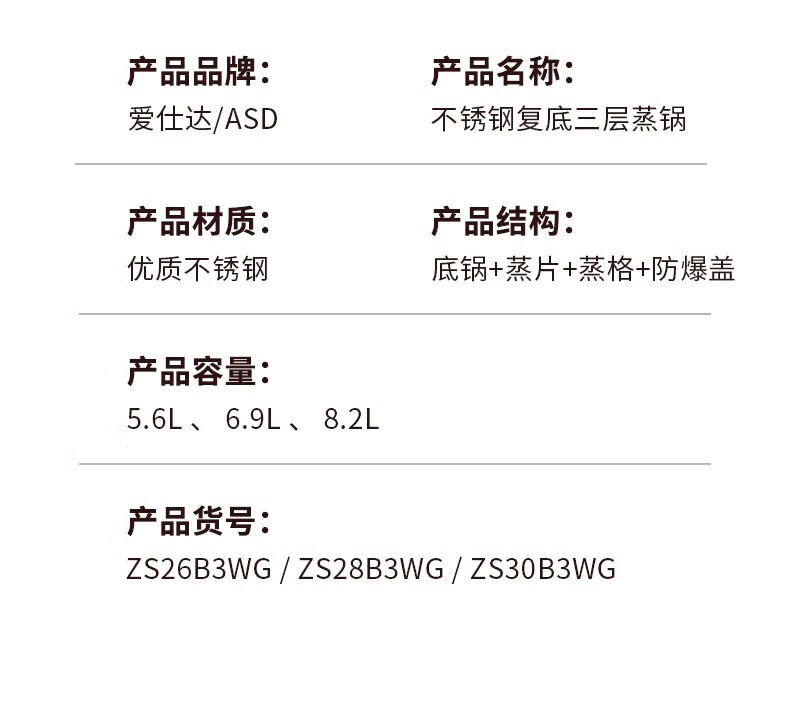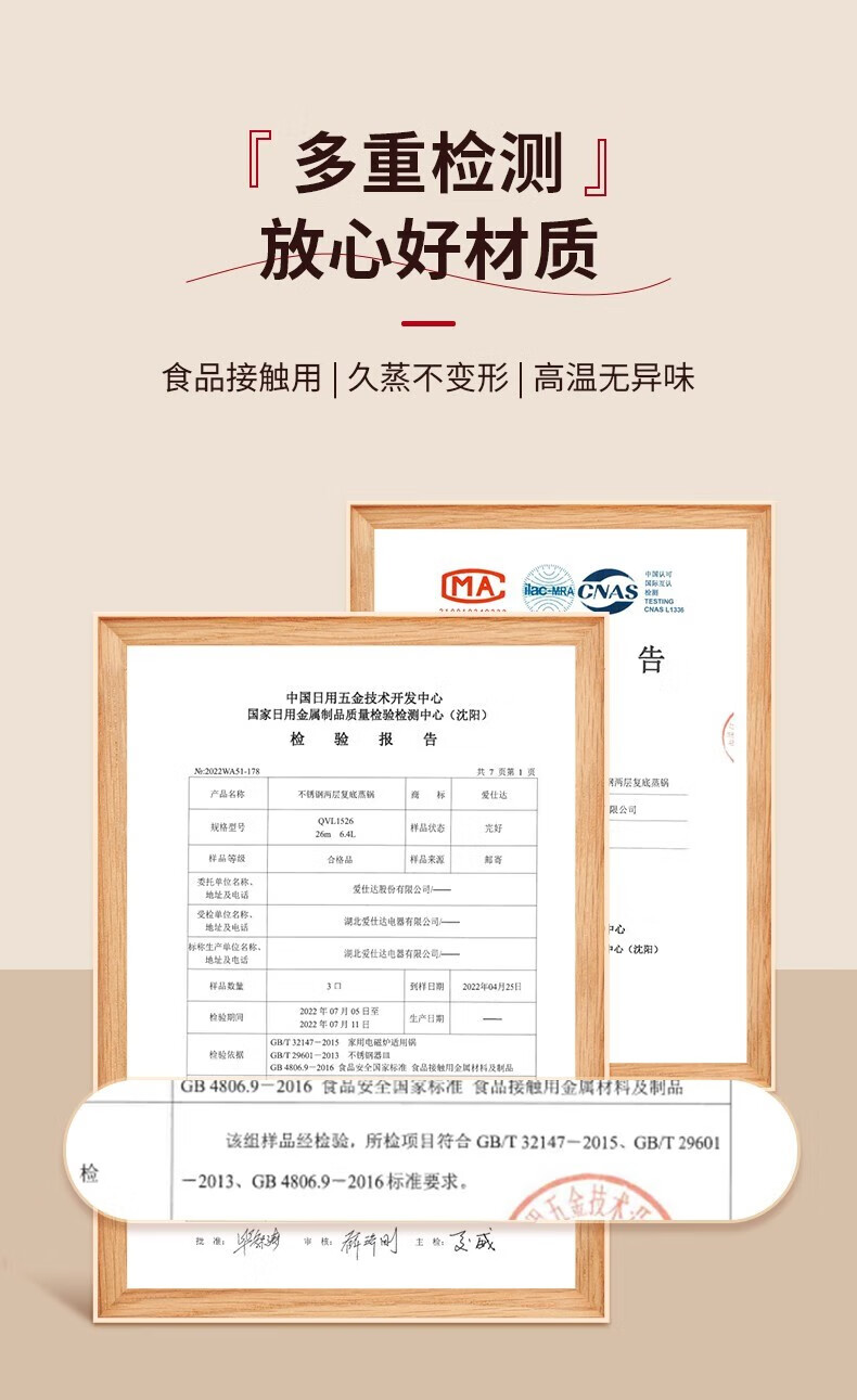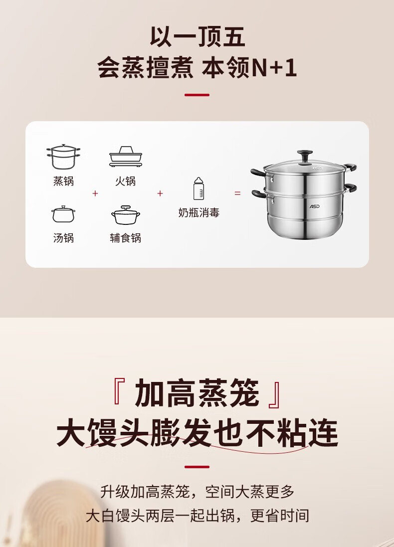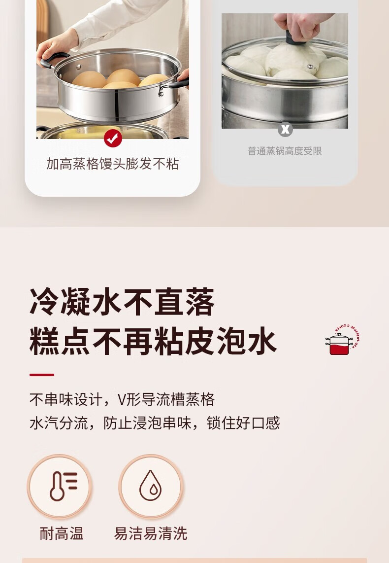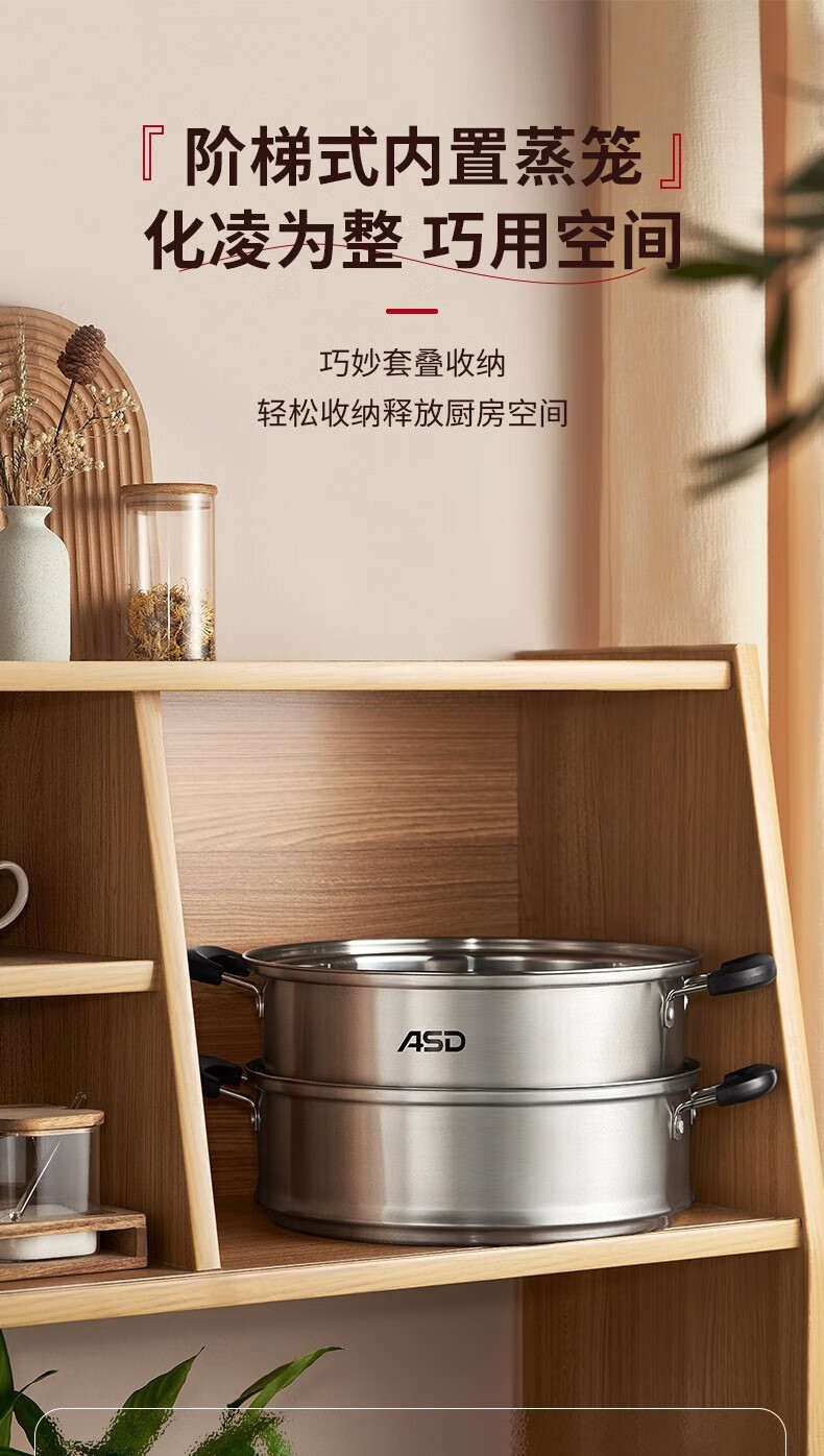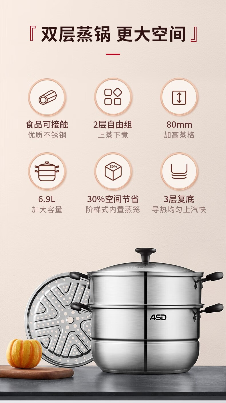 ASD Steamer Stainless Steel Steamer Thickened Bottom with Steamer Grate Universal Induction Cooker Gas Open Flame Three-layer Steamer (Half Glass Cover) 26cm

--

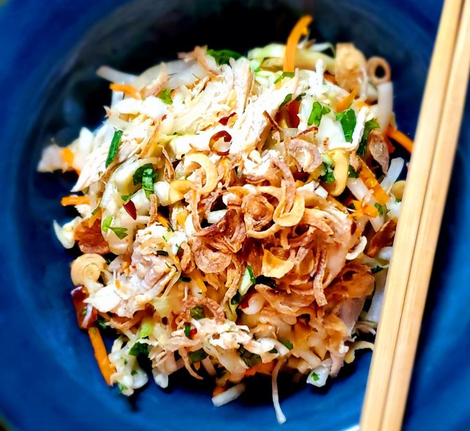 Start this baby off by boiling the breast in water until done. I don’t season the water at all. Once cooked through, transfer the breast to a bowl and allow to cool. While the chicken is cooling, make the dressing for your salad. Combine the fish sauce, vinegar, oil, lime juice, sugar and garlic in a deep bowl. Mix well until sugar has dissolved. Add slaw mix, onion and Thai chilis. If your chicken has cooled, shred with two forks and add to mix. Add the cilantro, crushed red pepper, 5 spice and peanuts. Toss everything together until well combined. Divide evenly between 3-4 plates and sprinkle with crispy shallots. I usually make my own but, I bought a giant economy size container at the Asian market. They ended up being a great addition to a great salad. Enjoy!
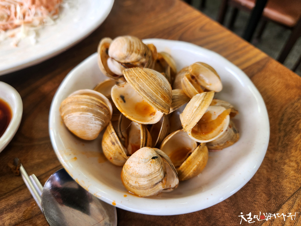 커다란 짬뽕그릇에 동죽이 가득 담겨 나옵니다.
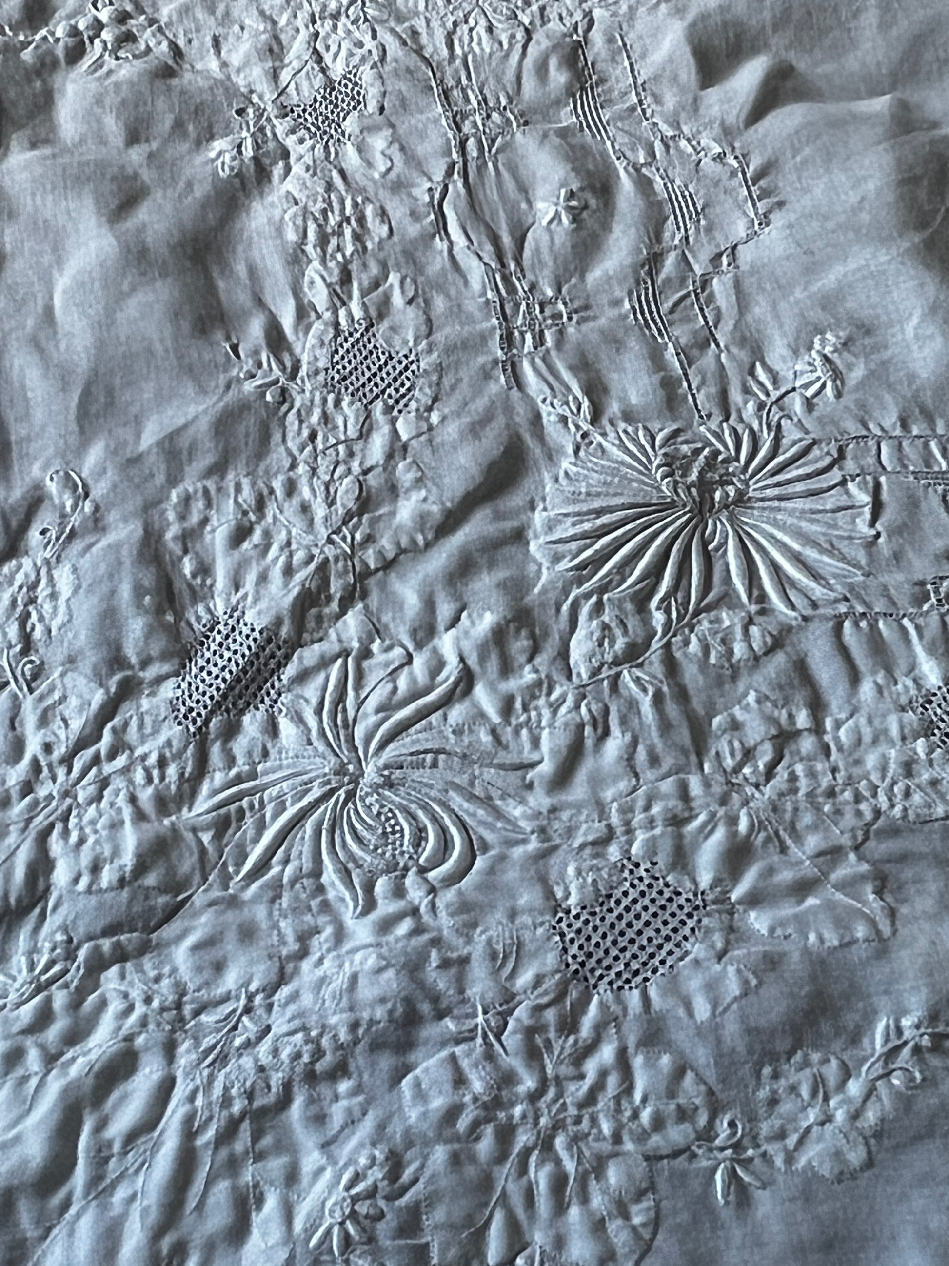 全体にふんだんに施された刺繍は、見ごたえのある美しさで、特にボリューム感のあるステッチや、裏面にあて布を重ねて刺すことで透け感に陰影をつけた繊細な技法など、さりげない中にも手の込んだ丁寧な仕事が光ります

◆ **Assigned task**:
Repeat exactly the stretch of the listing above that starts with the line holding "커다란 짬뽕그릇에 동죽이 가득 담겨 나옵니다." and finishes with the line holding "全体にふんだんに施された刺繍", both included. Skip every picture.

◆ **Problem solution**:
 커다란 짬뽕그릇에 동죽이 가득 담겨 나옵니다.
 全体にふんだんに施された刺繍は、見ごたえのある美しさで、特にボリューム感のあるステッチや、裏面にあて布を重ねて刺すことで透け感に陰影をつけた繊細な技法など、さりげない中にも手の込んだ丁寧な仕事が光ります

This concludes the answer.